| Exercise description |
Take the listing below and output it exactly, with no images.

| Dataset extract |
■ ■ ■ ■

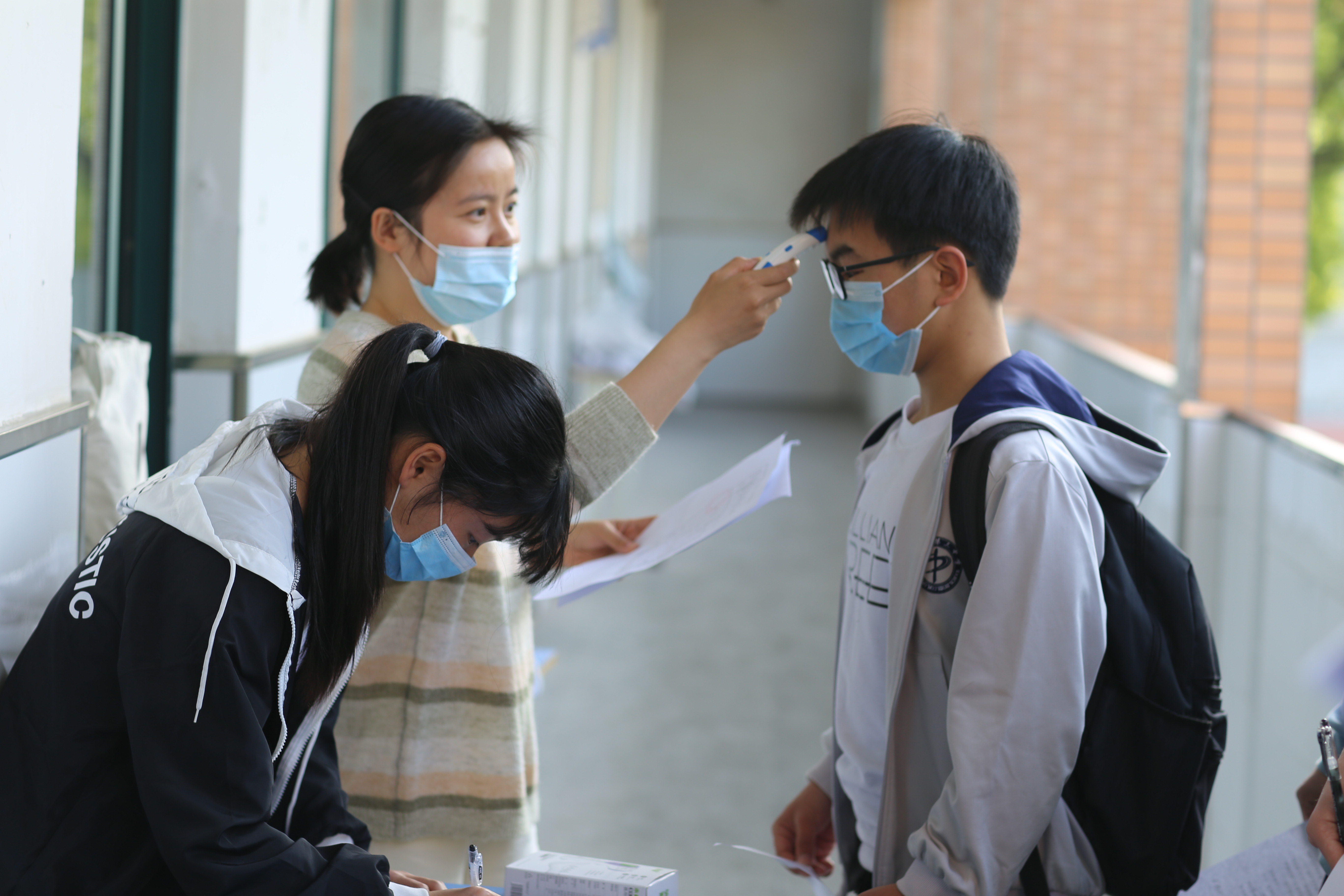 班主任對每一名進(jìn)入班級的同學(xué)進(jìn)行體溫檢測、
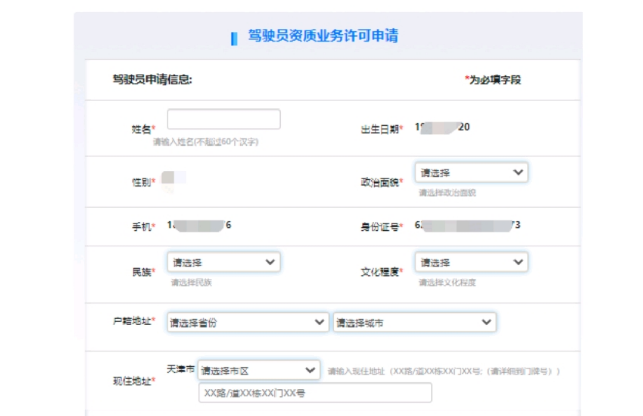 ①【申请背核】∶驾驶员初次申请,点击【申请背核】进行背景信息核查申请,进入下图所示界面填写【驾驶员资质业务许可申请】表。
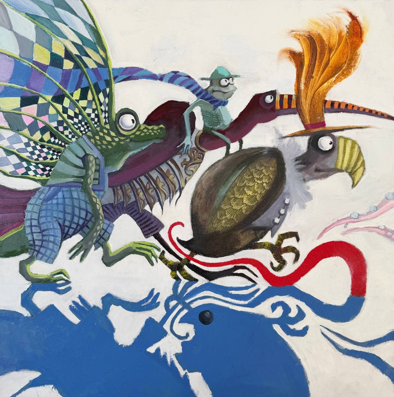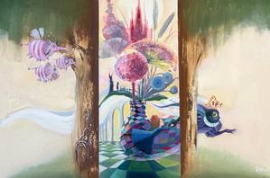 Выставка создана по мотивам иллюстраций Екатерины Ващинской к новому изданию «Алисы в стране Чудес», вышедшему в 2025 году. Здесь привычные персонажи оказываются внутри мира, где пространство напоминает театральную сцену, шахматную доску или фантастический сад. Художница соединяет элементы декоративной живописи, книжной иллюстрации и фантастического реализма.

■ ■ ■ ■

| Problem solution |
 班主任對每一名進(jìn)入班級的同學(xué)進(jìn)行體溫檢測、
 ①【申请背核】∶驾驶员初次申请,点击【申请背核】进行背景信息核查申请,进入下图所示界面填写【驾驶员资质业务许可申请】表。
 Выставка создана по мотивам иллюстраций Екатерины Ващинской к новому изданию «Алисы в стране Чудес», вышедшему в 2025 году. Здесь привычные персонажи оказываются внутри мира, где пространство напоминает театральную сцену, шахматную доску или фантастический сад. Художница соединяет элементы декоративной живописи, книжной иллюстрации и фантастического реализма.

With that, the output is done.